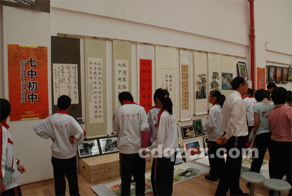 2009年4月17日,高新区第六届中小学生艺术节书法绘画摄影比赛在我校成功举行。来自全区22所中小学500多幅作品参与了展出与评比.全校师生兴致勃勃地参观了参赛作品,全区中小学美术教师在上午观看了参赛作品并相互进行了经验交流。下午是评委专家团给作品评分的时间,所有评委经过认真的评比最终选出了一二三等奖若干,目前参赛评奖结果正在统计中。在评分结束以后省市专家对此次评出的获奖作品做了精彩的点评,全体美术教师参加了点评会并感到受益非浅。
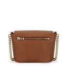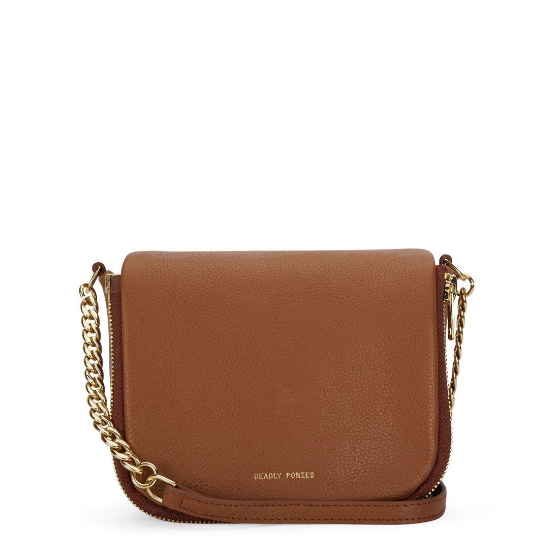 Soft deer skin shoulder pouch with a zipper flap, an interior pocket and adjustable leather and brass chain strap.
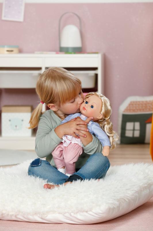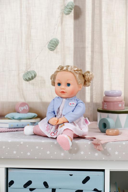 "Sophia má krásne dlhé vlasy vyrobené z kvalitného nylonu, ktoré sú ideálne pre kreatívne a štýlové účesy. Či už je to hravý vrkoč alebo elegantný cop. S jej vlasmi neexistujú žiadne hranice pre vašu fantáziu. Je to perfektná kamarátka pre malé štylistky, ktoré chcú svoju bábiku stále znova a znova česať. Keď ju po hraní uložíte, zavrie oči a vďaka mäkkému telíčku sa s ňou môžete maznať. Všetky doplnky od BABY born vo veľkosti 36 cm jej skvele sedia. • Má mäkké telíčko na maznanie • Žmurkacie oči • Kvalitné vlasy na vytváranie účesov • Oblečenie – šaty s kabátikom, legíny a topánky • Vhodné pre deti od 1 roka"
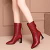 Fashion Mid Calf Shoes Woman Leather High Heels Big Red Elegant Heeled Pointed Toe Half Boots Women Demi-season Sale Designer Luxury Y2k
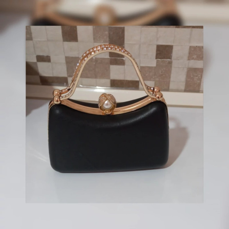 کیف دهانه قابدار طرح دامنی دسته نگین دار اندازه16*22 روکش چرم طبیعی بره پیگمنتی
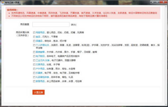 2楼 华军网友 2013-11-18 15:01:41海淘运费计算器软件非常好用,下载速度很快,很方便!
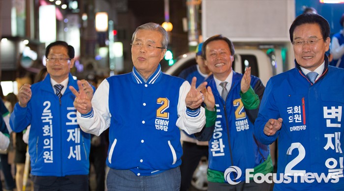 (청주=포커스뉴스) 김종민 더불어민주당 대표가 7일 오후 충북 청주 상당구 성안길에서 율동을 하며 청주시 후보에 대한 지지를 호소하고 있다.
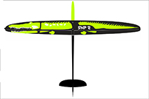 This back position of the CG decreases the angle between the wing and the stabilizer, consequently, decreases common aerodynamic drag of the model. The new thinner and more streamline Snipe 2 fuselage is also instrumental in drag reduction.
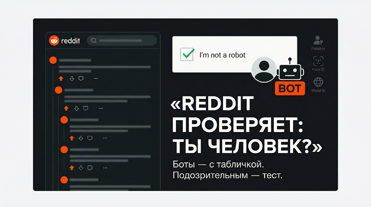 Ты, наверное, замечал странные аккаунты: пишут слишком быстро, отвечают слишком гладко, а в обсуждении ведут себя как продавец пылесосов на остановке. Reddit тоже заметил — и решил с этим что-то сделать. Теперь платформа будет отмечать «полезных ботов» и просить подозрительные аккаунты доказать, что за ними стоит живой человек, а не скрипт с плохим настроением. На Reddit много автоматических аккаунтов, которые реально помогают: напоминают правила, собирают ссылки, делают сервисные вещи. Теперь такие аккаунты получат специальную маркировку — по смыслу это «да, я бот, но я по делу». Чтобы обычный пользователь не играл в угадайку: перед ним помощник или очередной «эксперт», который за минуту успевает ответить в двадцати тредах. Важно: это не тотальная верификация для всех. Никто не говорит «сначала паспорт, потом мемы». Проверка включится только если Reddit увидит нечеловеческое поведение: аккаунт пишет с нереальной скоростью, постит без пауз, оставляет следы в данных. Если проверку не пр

- [Your task]:
A verbatim reproduction is expected: starting at the line above that has "(청주=포커스뉴스) 김종민 더불어민주당", ending at the line that has "This back position", both included, and with no pictures and no other lines.

- [Expected output]:
 (청주=포커스뉴스) 김종민 더불어민주당 대표가 7일 오후 충북 청주 상당구 성안길에서 율동을 하며 청주시 후보에 대한 지지를 호소하고 있다.
 This back position of the CG decreases the angle between the wing and the stabilizer, consequently, decreases common aerodynamic drag of the model. The new thinner and more streamline Snipe 2 fuselage is also instrumental in drag reduction.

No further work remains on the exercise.